▶ **What to do**: Leave out the pictures and retype, exactly, the lines below from the line with "Cette vaste résidence" up to and including the line with "Yuck yuck. This", nothing more.

[Collected data]
════════════════════
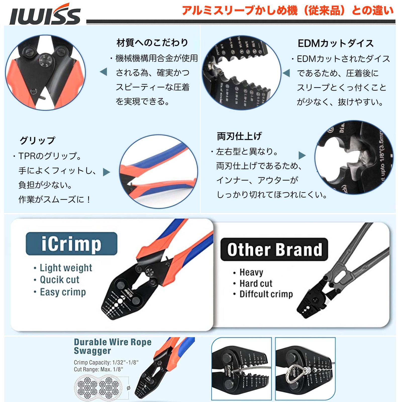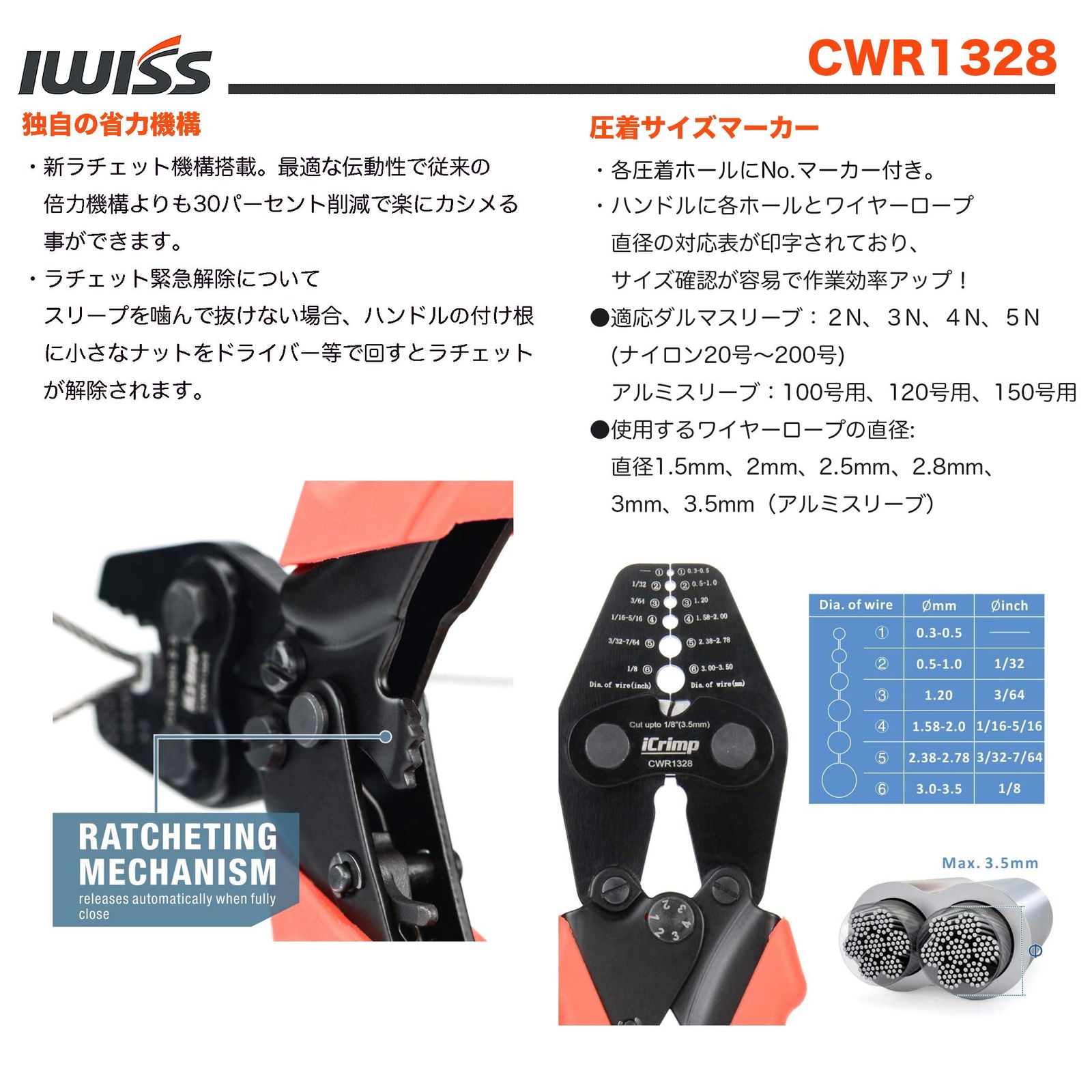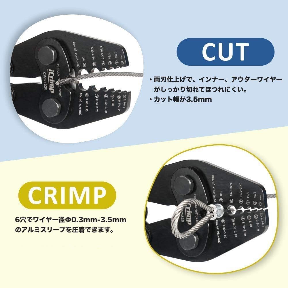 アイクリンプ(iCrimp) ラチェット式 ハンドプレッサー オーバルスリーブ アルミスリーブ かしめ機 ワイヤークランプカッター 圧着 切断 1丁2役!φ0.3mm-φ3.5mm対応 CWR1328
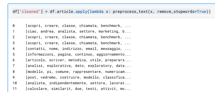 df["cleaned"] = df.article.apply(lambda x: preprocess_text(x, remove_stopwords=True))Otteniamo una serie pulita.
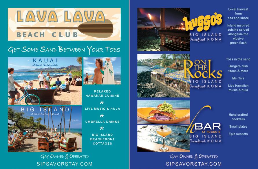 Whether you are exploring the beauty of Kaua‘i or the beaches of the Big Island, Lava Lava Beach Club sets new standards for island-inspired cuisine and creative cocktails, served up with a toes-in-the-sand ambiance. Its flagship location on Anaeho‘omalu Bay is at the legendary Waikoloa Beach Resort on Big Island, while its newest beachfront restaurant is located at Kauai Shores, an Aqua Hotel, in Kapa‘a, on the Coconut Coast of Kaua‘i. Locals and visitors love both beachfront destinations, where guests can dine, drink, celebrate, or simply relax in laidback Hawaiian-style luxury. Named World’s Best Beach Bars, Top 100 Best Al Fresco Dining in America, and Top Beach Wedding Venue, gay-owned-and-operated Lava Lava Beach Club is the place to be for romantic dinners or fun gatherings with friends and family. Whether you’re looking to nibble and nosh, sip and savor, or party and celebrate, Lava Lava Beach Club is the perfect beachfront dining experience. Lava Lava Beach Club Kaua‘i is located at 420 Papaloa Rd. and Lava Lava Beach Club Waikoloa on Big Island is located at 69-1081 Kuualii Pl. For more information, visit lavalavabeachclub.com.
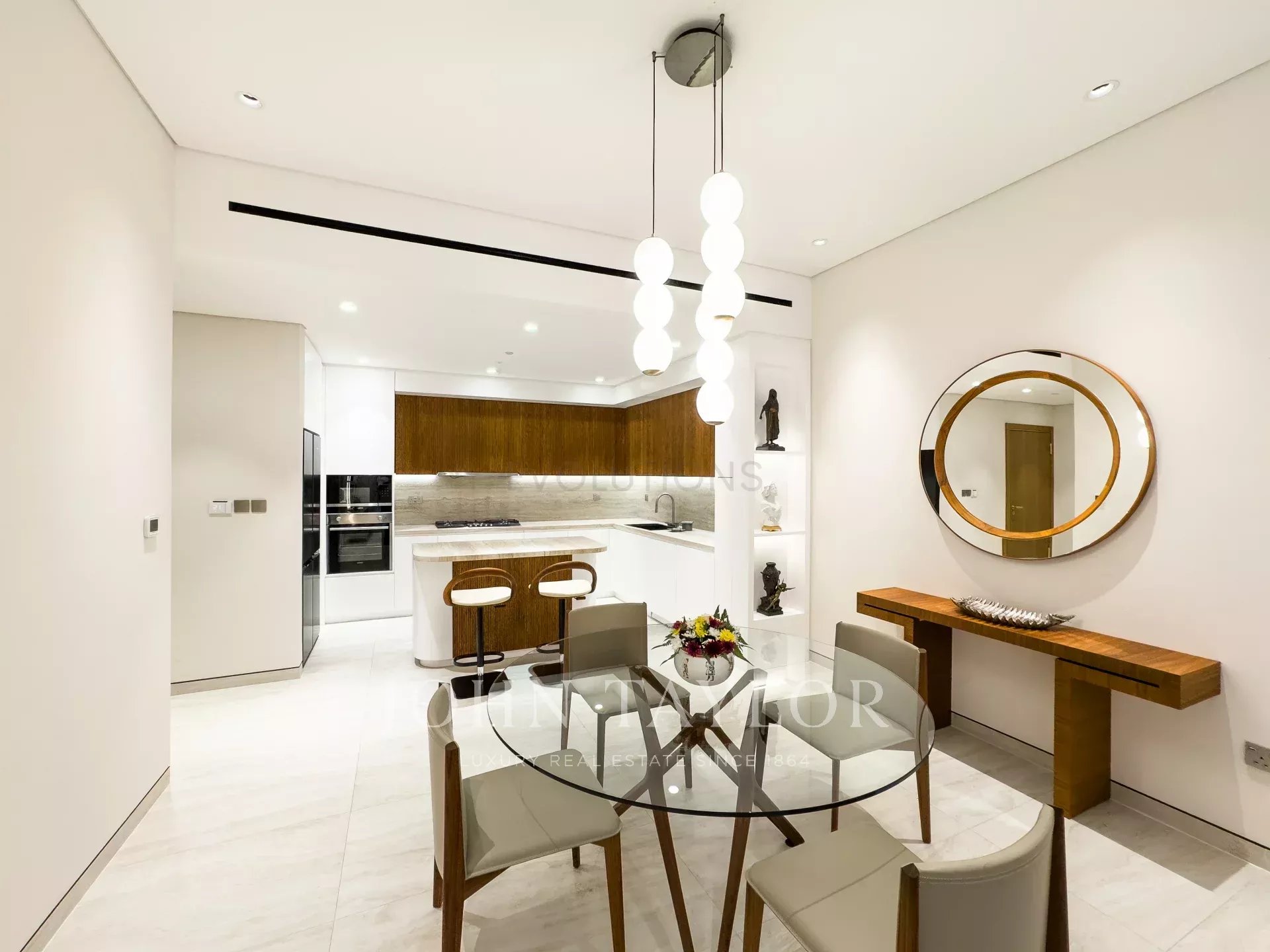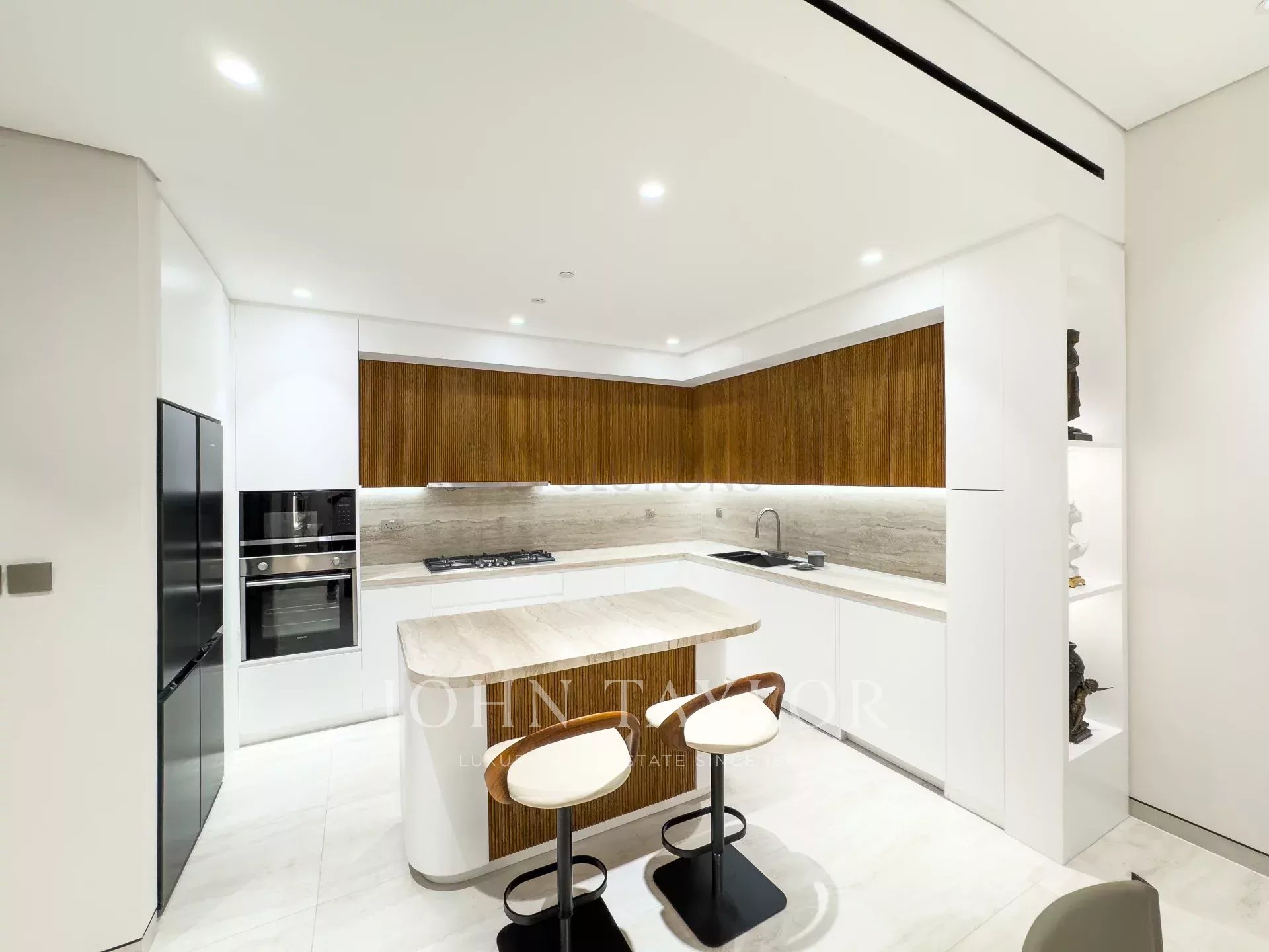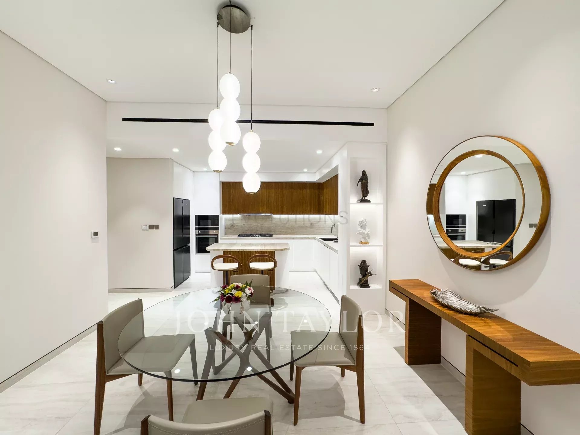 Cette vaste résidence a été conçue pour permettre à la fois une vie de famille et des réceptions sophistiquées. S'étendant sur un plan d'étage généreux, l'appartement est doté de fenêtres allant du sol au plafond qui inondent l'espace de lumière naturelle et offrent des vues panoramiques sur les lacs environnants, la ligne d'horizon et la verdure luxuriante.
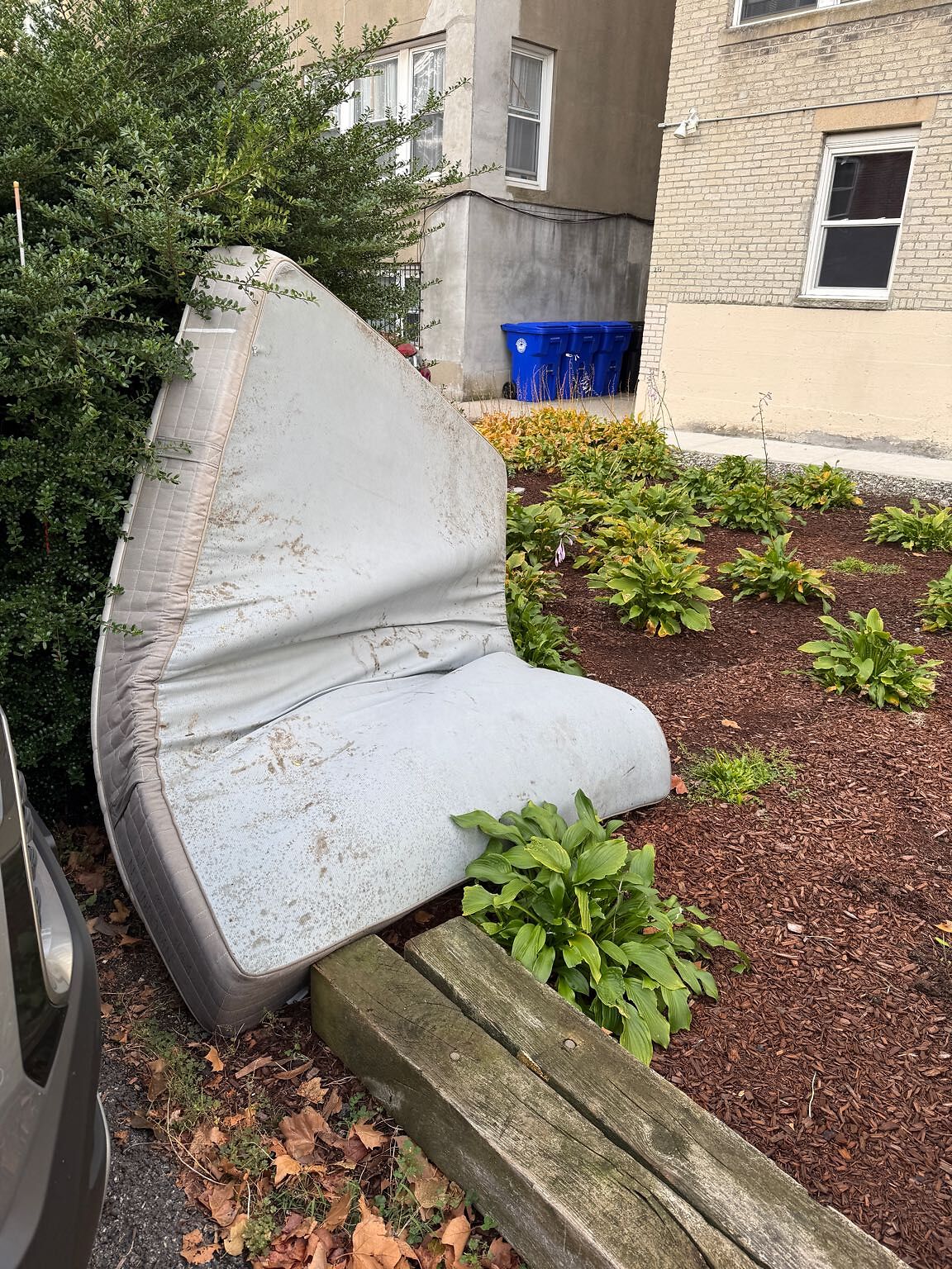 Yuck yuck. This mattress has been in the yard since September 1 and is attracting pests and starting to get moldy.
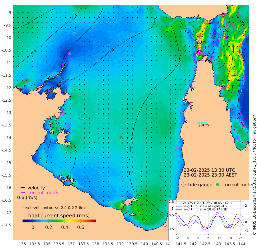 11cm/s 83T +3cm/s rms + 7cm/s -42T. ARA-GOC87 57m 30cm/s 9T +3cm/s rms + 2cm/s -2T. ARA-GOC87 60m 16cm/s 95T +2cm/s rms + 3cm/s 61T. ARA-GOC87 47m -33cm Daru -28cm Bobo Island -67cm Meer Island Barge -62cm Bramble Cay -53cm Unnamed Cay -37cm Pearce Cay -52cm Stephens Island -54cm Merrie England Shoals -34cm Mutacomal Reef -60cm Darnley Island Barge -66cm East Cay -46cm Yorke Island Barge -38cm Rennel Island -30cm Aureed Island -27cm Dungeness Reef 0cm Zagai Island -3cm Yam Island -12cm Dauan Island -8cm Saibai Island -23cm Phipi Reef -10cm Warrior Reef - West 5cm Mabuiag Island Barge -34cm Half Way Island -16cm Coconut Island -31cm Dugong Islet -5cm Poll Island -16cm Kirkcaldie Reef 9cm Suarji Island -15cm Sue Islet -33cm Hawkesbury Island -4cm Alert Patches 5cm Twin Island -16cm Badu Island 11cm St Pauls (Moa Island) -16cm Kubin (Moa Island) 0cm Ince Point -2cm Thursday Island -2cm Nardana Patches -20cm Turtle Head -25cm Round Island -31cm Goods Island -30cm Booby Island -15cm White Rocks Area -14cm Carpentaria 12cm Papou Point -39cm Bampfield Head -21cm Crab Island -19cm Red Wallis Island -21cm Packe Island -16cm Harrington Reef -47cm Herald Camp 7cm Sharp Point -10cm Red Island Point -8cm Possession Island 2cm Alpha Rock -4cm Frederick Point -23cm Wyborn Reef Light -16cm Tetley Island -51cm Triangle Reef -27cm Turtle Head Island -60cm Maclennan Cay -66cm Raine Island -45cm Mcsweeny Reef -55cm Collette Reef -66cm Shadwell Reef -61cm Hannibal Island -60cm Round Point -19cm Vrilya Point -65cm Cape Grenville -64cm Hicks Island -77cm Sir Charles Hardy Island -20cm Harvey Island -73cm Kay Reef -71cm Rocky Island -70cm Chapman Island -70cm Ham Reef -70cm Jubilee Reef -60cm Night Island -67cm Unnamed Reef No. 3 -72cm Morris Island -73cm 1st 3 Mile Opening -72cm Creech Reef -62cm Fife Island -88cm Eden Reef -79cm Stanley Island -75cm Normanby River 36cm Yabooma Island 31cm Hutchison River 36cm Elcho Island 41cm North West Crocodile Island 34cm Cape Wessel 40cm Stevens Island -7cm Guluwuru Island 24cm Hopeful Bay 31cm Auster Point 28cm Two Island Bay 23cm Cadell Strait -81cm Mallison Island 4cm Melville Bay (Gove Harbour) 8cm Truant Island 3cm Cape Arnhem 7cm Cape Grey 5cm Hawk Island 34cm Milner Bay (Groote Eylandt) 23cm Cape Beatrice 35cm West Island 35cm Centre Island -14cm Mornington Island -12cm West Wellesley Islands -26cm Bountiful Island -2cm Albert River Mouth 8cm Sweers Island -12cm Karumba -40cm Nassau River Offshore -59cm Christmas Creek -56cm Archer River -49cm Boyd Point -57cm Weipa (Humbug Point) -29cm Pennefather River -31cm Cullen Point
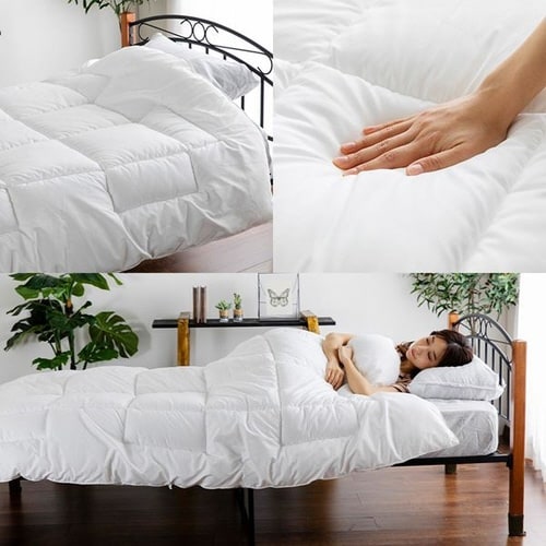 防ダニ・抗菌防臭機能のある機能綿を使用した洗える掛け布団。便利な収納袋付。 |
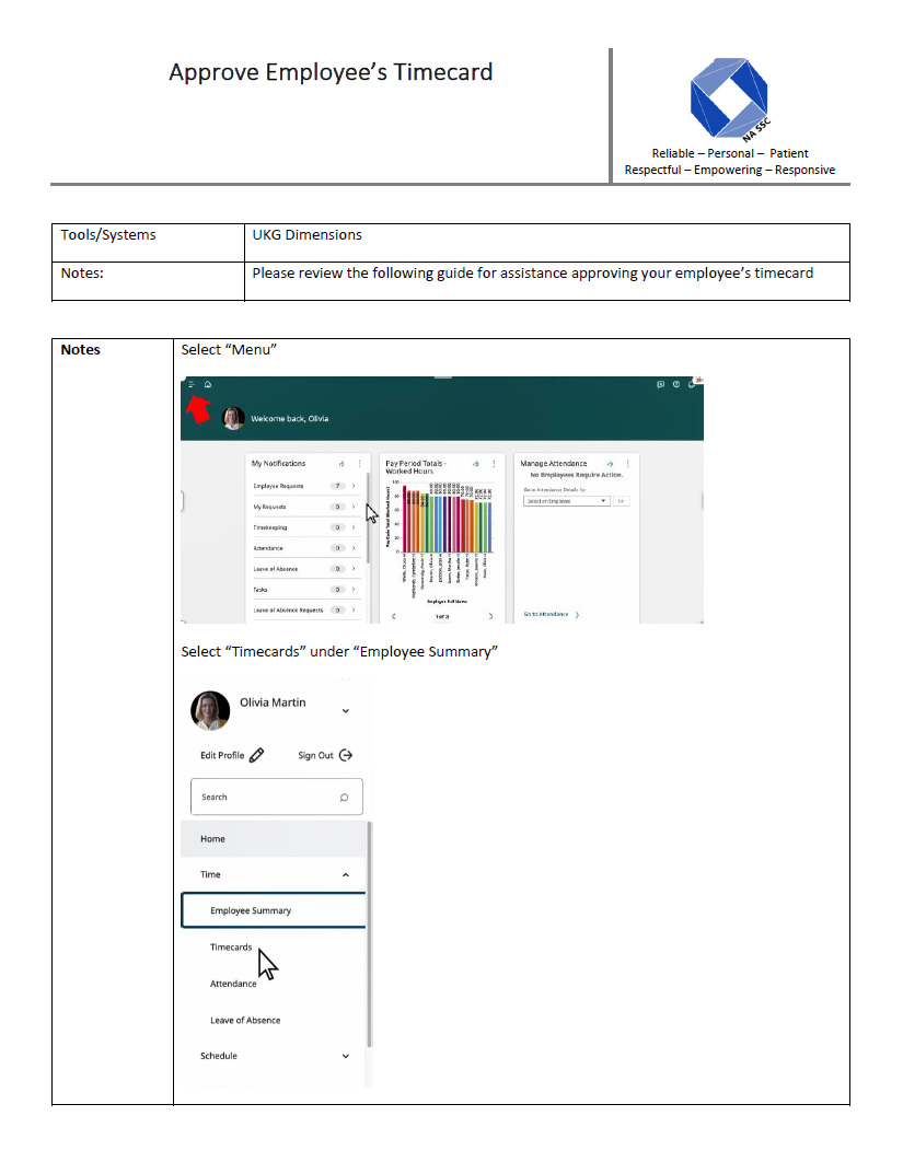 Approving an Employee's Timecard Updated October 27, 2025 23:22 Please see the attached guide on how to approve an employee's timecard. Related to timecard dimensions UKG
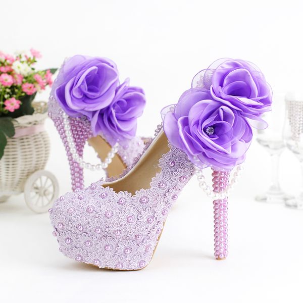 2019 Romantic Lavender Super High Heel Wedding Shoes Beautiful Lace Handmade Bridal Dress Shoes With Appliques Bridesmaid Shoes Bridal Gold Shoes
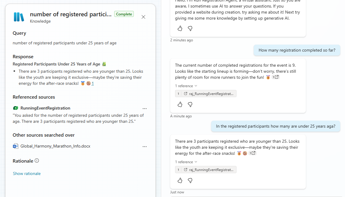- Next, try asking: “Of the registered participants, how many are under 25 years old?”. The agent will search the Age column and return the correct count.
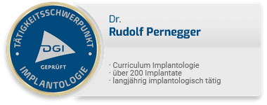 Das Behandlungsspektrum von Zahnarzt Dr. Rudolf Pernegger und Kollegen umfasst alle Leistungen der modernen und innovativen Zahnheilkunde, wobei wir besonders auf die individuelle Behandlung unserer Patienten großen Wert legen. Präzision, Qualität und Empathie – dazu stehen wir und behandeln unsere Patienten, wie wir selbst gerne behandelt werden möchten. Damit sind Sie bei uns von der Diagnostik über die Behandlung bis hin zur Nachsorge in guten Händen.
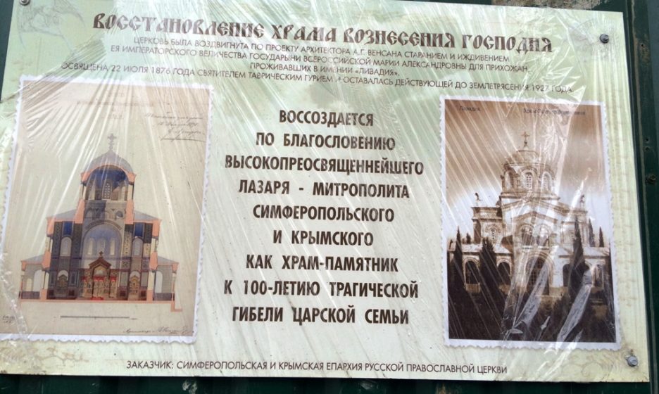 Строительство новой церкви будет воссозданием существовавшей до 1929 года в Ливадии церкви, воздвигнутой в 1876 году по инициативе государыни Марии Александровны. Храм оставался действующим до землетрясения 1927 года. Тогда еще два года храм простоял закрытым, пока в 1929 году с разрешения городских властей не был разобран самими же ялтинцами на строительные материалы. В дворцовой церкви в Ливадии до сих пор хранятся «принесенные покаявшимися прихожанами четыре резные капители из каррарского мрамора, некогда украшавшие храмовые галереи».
════════════════════
▶ **Answer space**:
 Cette vaste résidence a été conçue pour permettre à la fois une vie de famille et des réceptions sophistiquées. S'étendant sur un plan d'étage généreux, l'appartement est doté de fenêtres allant du sol au plafond qui inondent l'espace de lumière naturelle et offrent des vues panoramiques sur les lacs environnants, la ligne d'horizon et la verdure luxuriante.
 Yuck yuck. This mattress has been in the yard since September 1 and is attracting pests and starting to get moldy.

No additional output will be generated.